## WHAT THE TASK ASKS
From the material below, return exactly the lines starting at the one that holds "Linda casa com" and ending at the one that holds "This elegant white". Pictures stay out of the answer.

## EXERCISE MATERIAL
╔══

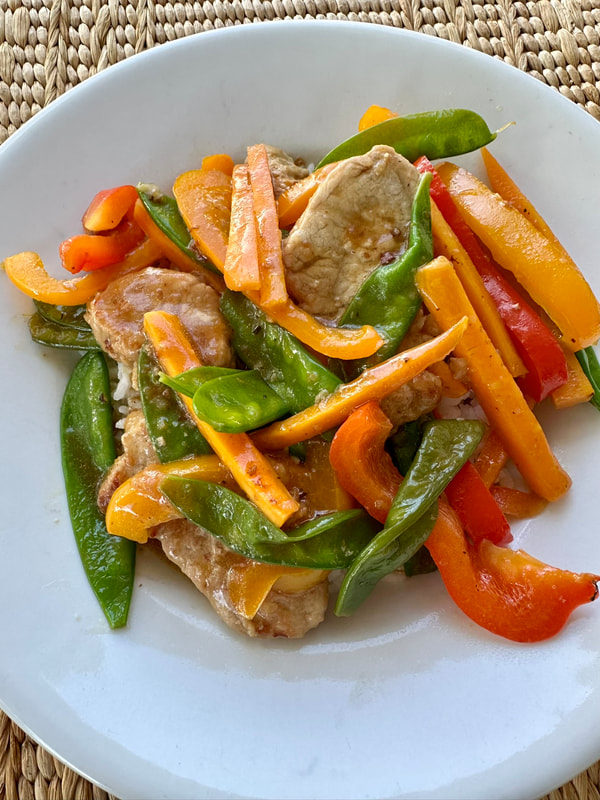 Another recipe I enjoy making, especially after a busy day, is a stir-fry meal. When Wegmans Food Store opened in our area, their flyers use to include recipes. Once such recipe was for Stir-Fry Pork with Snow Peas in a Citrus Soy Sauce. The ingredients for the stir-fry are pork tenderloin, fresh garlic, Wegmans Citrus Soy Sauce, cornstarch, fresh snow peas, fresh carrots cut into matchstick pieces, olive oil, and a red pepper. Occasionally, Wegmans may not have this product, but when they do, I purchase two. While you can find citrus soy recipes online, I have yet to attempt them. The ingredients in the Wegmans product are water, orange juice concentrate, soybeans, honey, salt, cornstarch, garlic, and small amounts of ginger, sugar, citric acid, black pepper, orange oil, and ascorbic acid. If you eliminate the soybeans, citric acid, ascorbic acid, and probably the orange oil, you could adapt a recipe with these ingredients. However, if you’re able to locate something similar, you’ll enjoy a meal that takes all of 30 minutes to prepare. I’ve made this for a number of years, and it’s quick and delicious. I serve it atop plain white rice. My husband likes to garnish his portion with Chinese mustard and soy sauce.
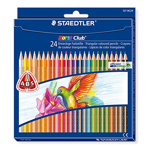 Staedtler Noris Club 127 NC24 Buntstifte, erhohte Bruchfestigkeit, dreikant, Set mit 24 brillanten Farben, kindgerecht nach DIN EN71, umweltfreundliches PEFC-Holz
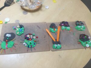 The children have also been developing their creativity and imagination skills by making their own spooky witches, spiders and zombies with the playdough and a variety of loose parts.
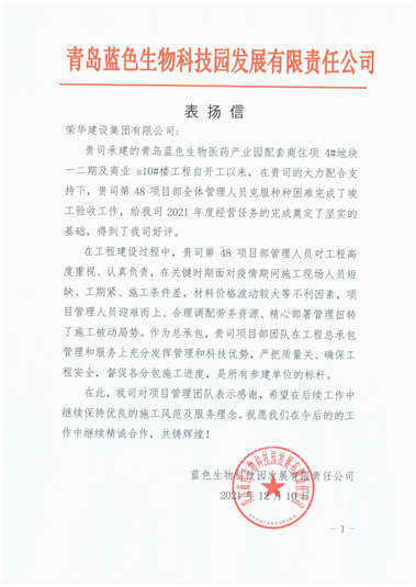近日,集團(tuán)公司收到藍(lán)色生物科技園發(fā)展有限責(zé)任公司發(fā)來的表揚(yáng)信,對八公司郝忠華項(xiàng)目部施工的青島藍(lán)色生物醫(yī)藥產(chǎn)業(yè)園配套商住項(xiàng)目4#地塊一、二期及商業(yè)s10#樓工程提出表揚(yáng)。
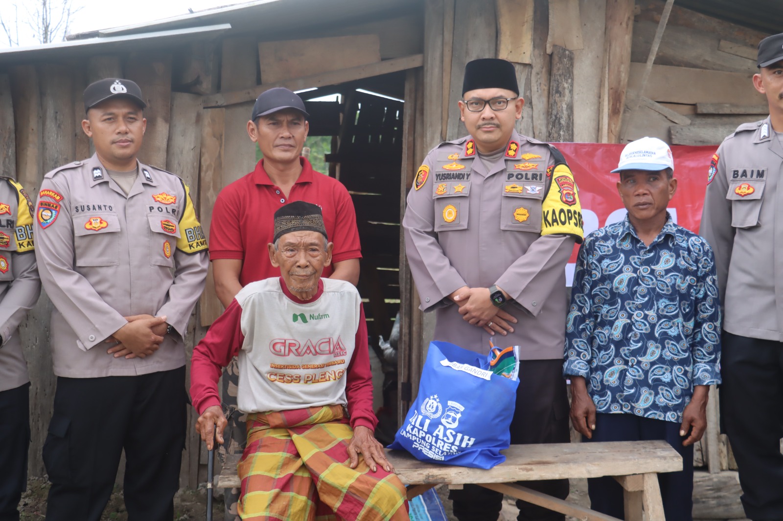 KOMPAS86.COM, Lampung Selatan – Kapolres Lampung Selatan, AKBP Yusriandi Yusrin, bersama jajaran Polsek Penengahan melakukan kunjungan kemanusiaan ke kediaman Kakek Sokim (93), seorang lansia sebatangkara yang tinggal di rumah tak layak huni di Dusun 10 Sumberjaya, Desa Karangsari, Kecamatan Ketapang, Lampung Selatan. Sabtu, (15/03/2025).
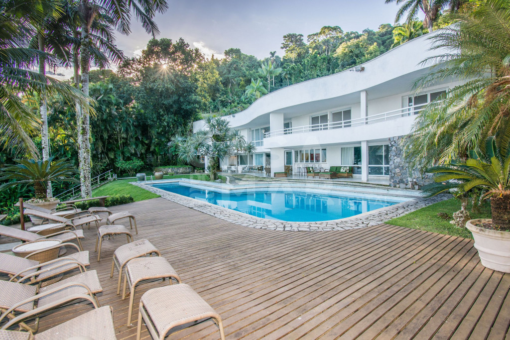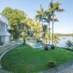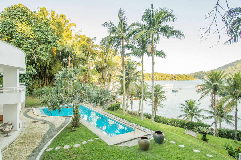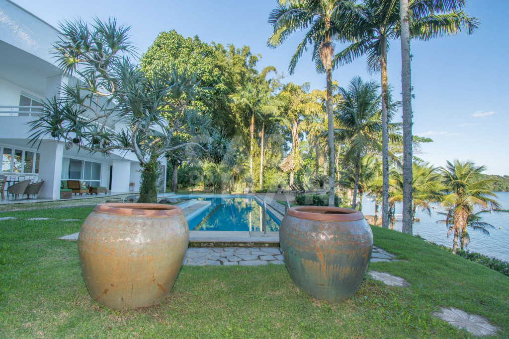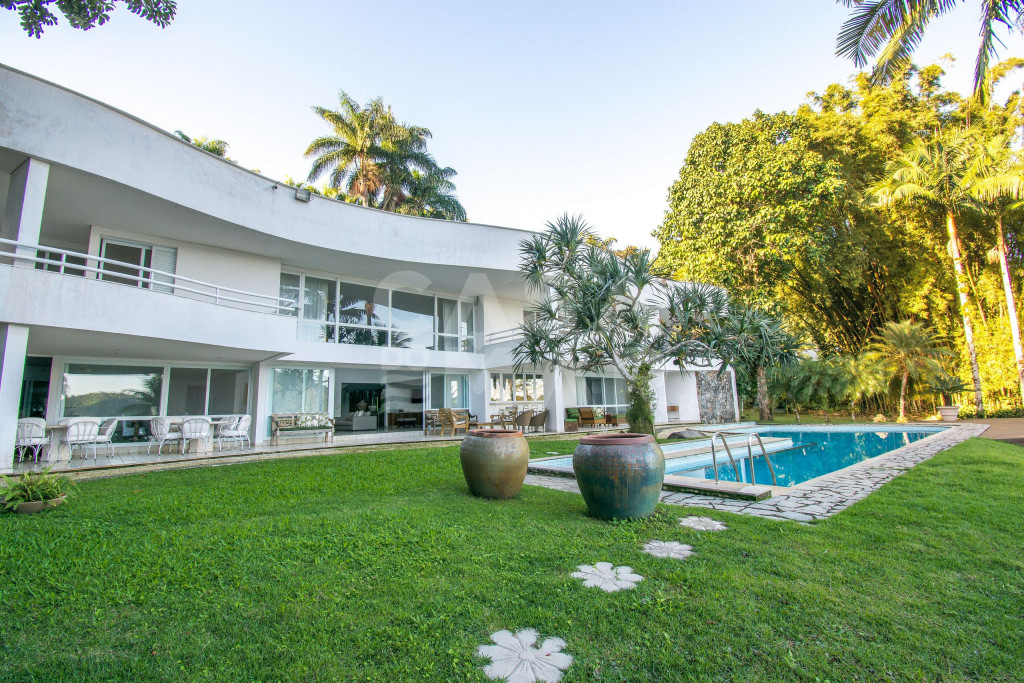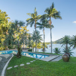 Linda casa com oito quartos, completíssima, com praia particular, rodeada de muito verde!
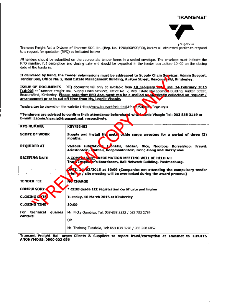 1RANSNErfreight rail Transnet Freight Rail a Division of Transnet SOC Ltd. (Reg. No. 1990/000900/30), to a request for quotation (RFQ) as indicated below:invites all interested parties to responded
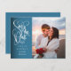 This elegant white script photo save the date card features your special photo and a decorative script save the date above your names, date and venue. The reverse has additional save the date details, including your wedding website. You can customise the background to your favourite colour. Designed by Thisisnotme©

╚══
╔══

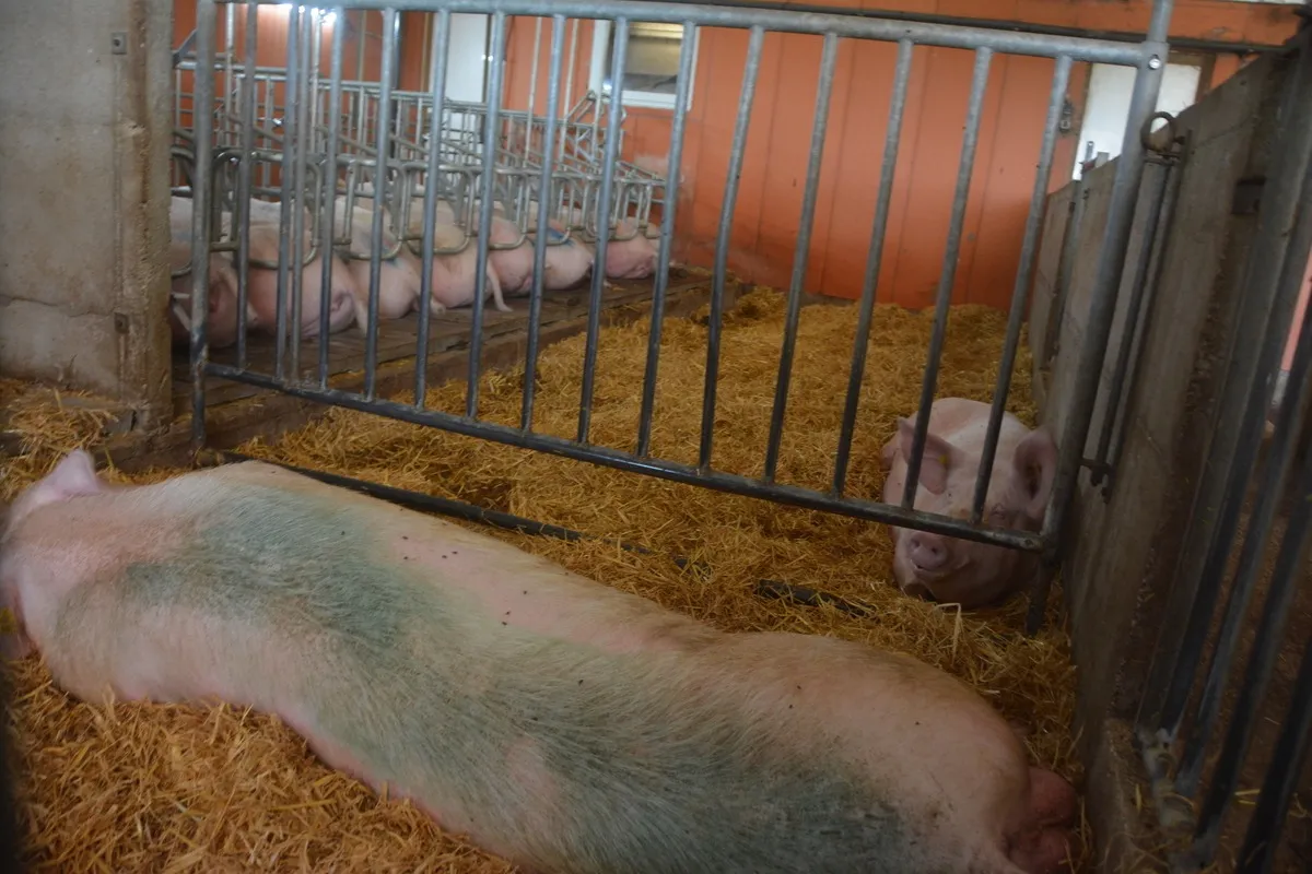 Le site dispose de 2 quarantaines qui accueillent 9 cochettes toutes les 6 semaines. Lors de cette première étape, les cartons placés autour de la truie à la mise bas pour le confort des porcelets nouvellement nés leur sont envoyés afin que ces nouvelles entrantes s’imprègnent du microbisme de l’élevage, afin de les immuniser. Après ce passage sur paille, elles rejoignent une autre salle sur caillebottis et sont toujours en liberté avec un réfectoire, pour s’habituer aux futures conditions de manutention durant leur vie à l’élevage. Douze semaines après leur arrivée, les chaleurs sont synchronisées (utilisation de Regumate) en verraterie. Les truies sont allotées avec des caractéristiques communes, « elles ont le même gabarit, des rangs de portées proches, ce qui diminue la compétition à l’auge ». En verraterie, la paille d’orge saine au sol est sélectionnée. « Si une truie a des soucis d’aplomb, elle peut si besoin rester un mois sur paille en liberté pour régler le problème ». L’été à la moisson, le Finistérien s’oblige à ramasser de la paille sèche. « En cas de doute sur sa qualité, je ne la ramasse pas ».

╚══

## SOLUTION FOR THIS PROBLEM
 Linda casa com oito quartos, completíssima, com praia particular, rodeada de muito verde!
 1RANSNErfreight rail Transnet Freight Rail a Division of Transnet SOC Ltd. (Reg. No. 1990/000900/30), to a request for quotation (RFQ) as indicated below:invites all interested parties to responded
 This elegant white script photo save the date card features your special photo and a decorative script save the date above your names, date and venue. The reverse has additional save the date details, including your wedding website. You can customise the background to your favourite colour. Designed by Thisisnotme©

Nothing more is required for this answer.